The Log: What Every Software Engineer Should Know About Real-Time Data’s Unifying Abstraction
A log is perhaps the simplest possible storage abstraction. It is an append-only, totally-ordered sequence of records ordered by time.
Records are appended to the end of the log, and reads proceed left-to-right. Each entry is assigned a unique sequential log entry number.
The ordering of records defines a notion of “time” since entries to the left are defined to be older then entries to the right. The log entry number can be thought of as the “timestamp” of the entry. Describing this ordering as a notion of time seems a bit odd at first, but it has the convenient property that it is decoupled from any particular physical clock. This property will turn out to be essential as we get to distributed systems.

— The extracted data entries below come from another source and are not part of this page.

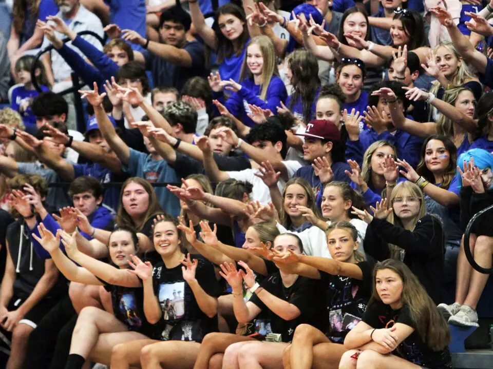 The home crowd holds their ‘spirit fingers’ high at a recent game in the Doyle Marek Gym.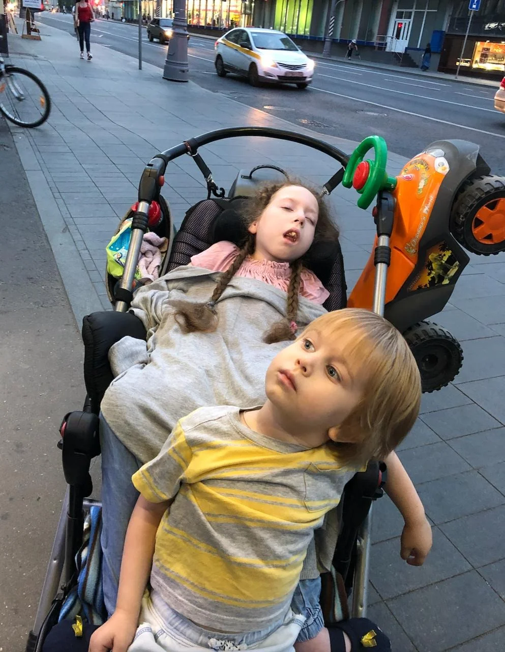 Конечно, тяжело было чувствовать внимание людей. Сначала она была маленькая, и люди обращали внимание, что она много кричала и плакала. А потом стали оборачиваться. Кто-то периодически говорил: «Почему она не ходит, такая большая?» Она же долгое время выглядела, как здоровый ребенок, если спит, то вообще никаких отличий. Потом постепенно, конечно, стали появляться уже какие-то искривления, зубы начали торчать. Но долгое время ничего такого не было. Мне было тяжело выносить эти взгляды людей.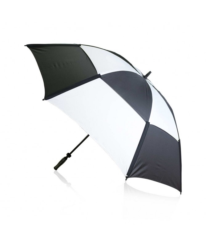 Ombrello da golf ad 8 pannelli di design bicolore sobrio e 135 cm di diametro, con apertura manuale. In resistente pongee con sistema di sicurezza antivento. Con aste in fibra di colore nero, doppia chiusura in velcro e morbida impugnatura in schiuma imbottita completo di fodera dello stesso tessuto in colore nero e confezionato singolarmente in polybag. Taglie : S/T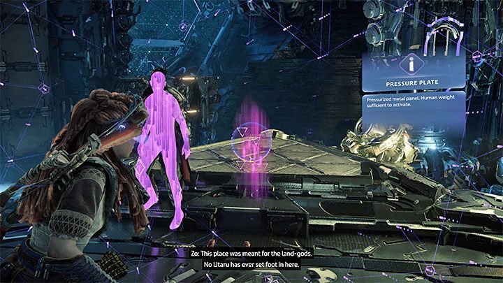 A lot of climbing and numerous small environmental puzzles await you while traversing the cauldron. The puzzles involve using pressure plates and Aloy can step on the first one (pictured above).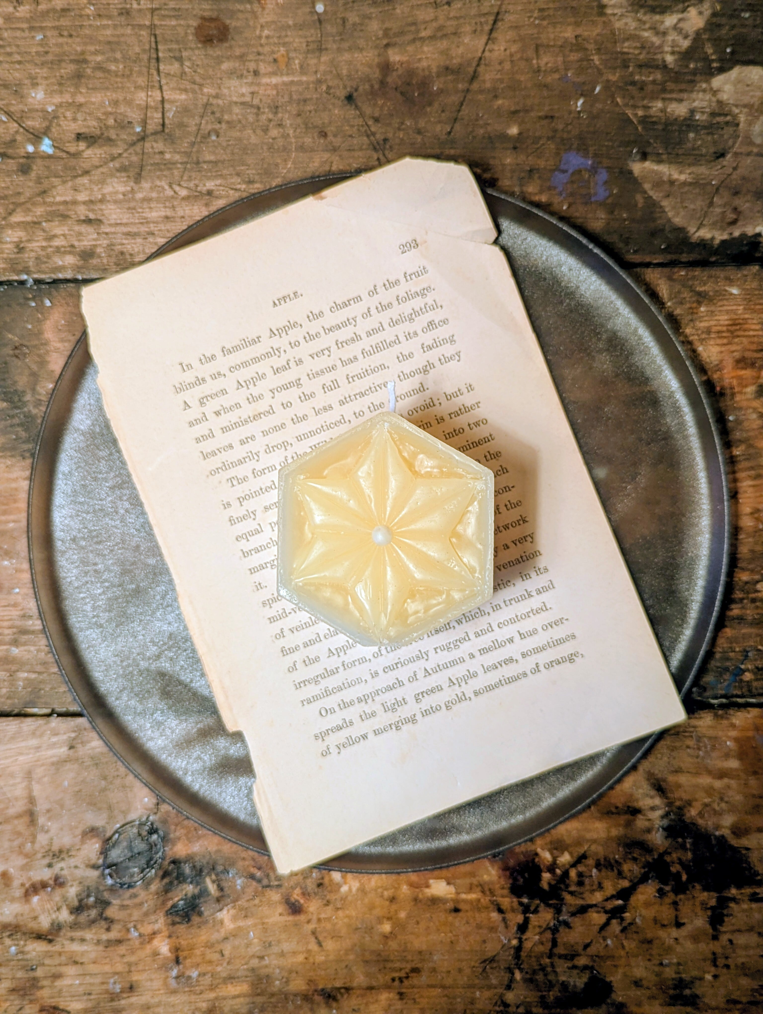 天然素材の蜜蝋を使用し、日本伝統和柄の麻の葉模樣を浮かし彫りした作品です。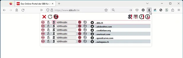 Vor ein paar Tagen wollte ich in meinem Firefox die Webseite der SBB anschauen. Doch die Seite wollte einfach nicht: Kurz nachdem sie durchaus vielversprechend zu laden begonnen hatte, war – zack! – das Fenster einfach wieder leer. Ein Neuladen (Ctrl+R) half auch nicht. Öffnete ich via Hamburgermenü oben rechts ein Neues privates Fenster und rief sbb.ch dort auf, klappte es jedoch trotzdem.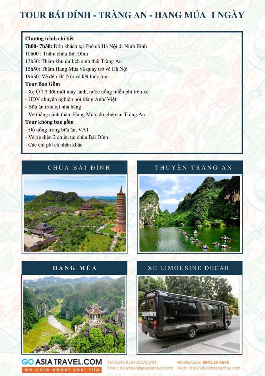 Chương trình du lịch Bái Đính - Tràng An - Hang Múa 1 ngày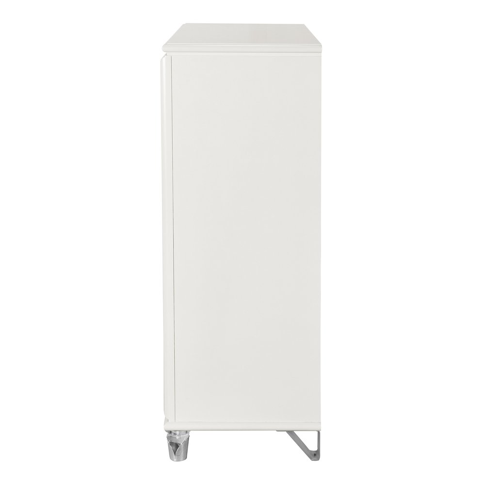 37" White Wood With Gold Faux Crystal Bling Wood Five Drawer Dresser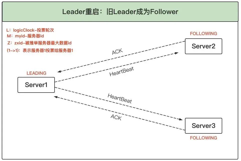 5、旧 Leader 成为 Follower:服务器 3 了解到 Leader 为服务器 1,且根据选票了解到服务器 1 确实得到过半服务器的选票,因此自己进入 FOLLOWING 状态。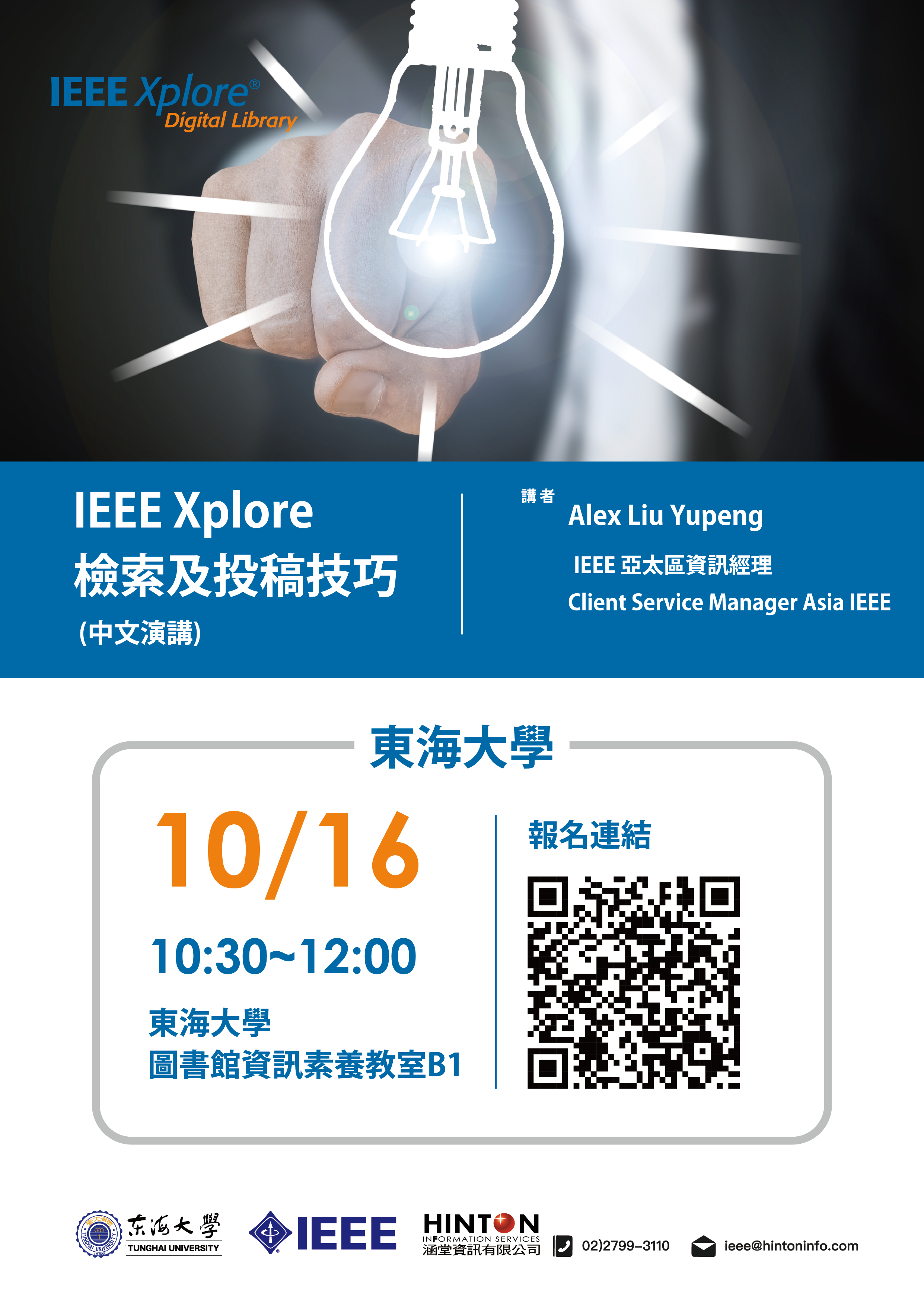 【IEEE 講座- 東海大學 】將在 10/16 (週三)10:30~12:00 於圖書館資訊素養教室B1舉辦 ,本講座採免費線上報名。
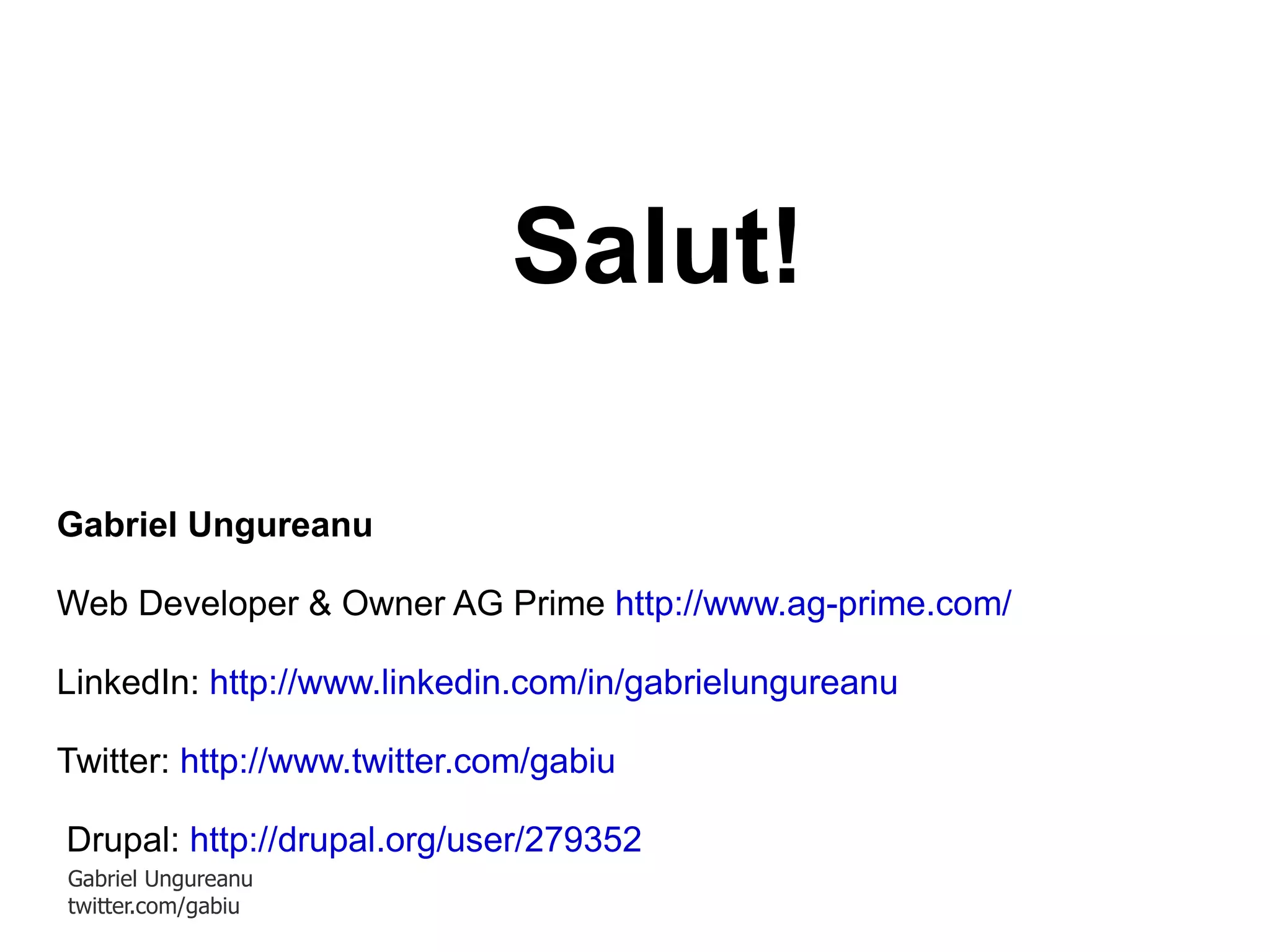 Gabriel Ungureanu, dezvoltator web cu 4 ani de experiență, discută despre utilizarea Drupal, menționând avantajele și dezavantajele acestei platforme. El subliniază importanța comunității, varietatea de module disponibile și abordările programării orientate pe obiect (POO) utilizate în Drupal. Documentul oferă detalii tehnice despre modul de dezvoltare a modulelor, temelor și structura acestora.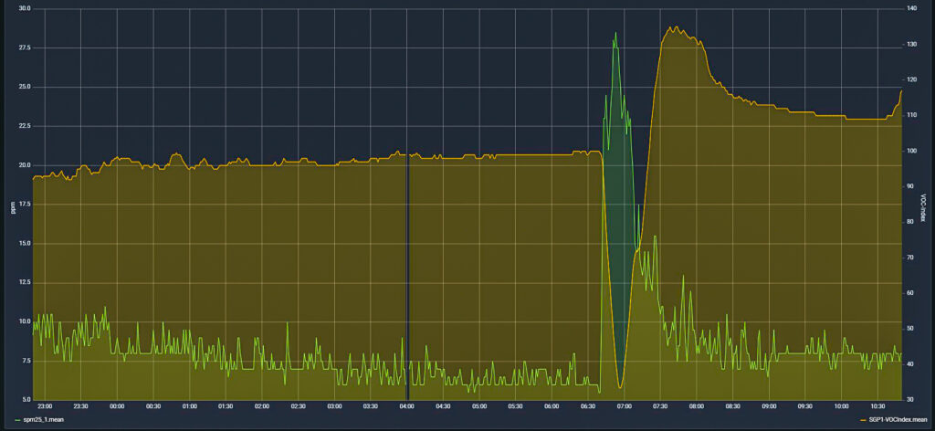 Die Feinstaubkonzentration in einem Raum steigt relativ rasch an, wenn man die Fenster öffnet und querlüftet. Der Staub im Zimmer wird dabei aufgewirbelt. Die Abbildung links zeigt den Verlauf der gemessenen TVOC (flüchtige organische Komponenten) in der Luft, gemessen mit einem SGP40 von Sensirion) und der Feinstaub-Konzentration (PM2.5, gemessen mit dem Vindriktning). Die TVOC-Konzentration (gelbe Kurve) als Maß für die Raumluftqualität sinkt rasch ab, und die Feinstaubkonzentration (grüne Linie) steigt gleichzeitig abrupt an.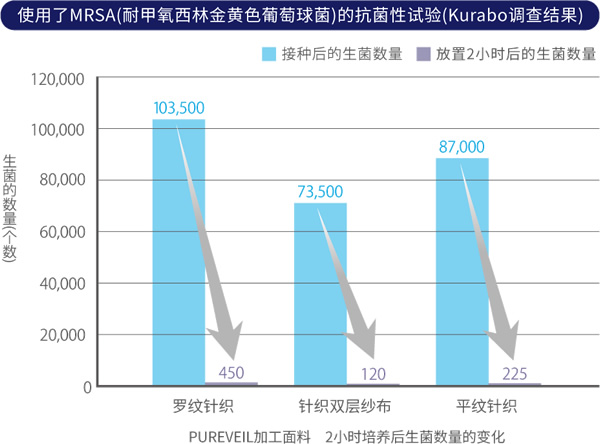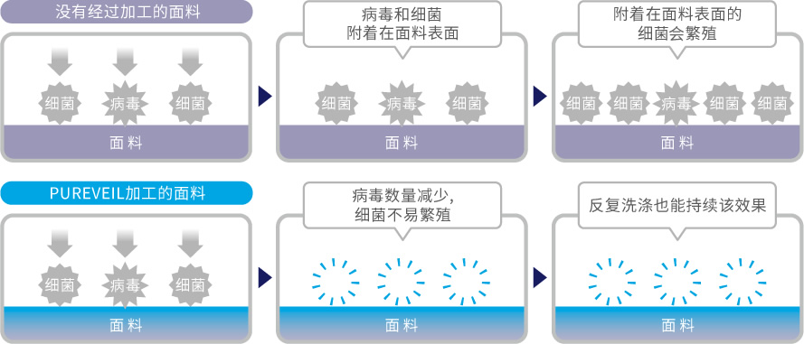 相反,经过PUREVEIL加工的面料,由于含有Etak®成分,可以减少附着在面料上的特定病毒以及抑制特定细菌的繁殖。

So, a log is not all that different from a file or a table. A file is an array of bytes, a table is an array of records, and a log is really just a kind of table or file where the records are sorted by time.
why it is worth talking about something so simple? How is a append-only sequence of records in any way related to data systems? The answer is that logs have a specific purpose: they record what happened and when. For distributed data systems this is, in many ways, the very heart of the problem.
Every programmer is familiar with another definition of logging—the unstructured error messages or trace info an application might write out to a local file using syslog or log4j. For clarity I will call this “application logging”. The application log is a degenerative form of the log concept I am describing. The biggest difference is that text logs are meant to be primarily for humans to read and the “journal” or “data logs” I’m describing are built for programmatic access.
One of the most useful things I learned in all this was that many of the things we were building had a very simple concept at their heart: the log. Sometimes called write-ahead logs or commit logs or transaction logs, logs have been around almost as long as computers and are at the heart of many distributed data systems and real-time application architectures.
You can’t fully understand databases, NoSQL stores, key value stores, replication, paxos, hadoop, version control, or almost any software system without understanding logs; and yet, most software engineers are not familiar with them.
I don’t know where the log concept originated—probably it is one of those things like binary search that is too simple for the inventor to realize it was an invention. It is present as early as IBM’s System R.
Over-time the usage of the log grew from an implementation detail of ACID to a method for replicating data between databases. It turns out that the sequence of changes that happened on the database is exactly what is needed to keep a remote replica database in sync. Oracle, MySQL, and PostgreSQL include log shipping protocols to transmit portions of log to replica databases which act as slaves.
The usage in databases has to do with keeping in sync the variety of data structures and indexes in the presence of crashes. To make this atomic and durable, a database uses a log to write out information about the records they will be modifying, before applying the changes to all the various data structures it maintains
The log is the record of what happened, and each table or index is a projection of this history into some useful data structure or index. Since the log is immediately persisted it is used as the authoritative source in restoring all other persistent structures in the event of a crash.
The two problems a log solves—ordering changes and distributing data—are even more important in distributed data systems. Agreeing upon an ordering for updates (or agreeing to disagree and coping with the side-effects) are among the core design problems for these systems.
The application to distributed computing is pretty obvious. You can reduce the problem of making multiple machines all do the same thing to the problem of implementing a distributed consistent log to feed these processes input. The purpose of the log here is to squeeze all the non-determinism out of the input stream to ensure that each replica processing this input stays in sync
One of the beautiful things about this approach is that the time stamps that index the log now act as the clock for the state of the replicas—you can describe each replica by a single number, the timestamp for the maximum log entry it has processed. This timestamp combined with the log uniquely captures the entire state of the replica.
Different groups of people seem to describe the uses of logs differently. Database people generally differentiate between physical and logical logging. Physical logging means logging the contents of each row that is changed. Logical logging means logging not the changed rows but the SQL commands that lead to the row changes (the insert, update, and delete statements).
The distributed log can be seen as the data structure which models the problem of consensus. A log, after all, represents a series of decisions on the “next” value to append.
This might remind you of source code version control. There is a close relationship between source control and databases. Version control solves a very similar problem to what distributed data systems have to solve—managing distributed, concurrent changes in state. A version control system usually models the sequence of patches, which is in effect a log.
The magic of the log is that if it is a complete log of changes, it holds not only the contents of the final version of the table, but also allows recreating all other versions that might have existed. It is, effectively, a sort of backup of every previous state of the table.
Effective use of data follows a kind of Maslow’s hierarchy of needs. The base of the pyramid involves capturing all the relevant data, being able to put it together in an applicable processing environment (be that a fancy real-time query system or just text files and python scripts). This data needs to be modeled in a uniform way to make it easy to read and process. Once these basic needs of capturing data in a uniform way are taken care of it is reasonable to work on infrastructure to process this data in various ways—MapReduce, real-time query systems, etc.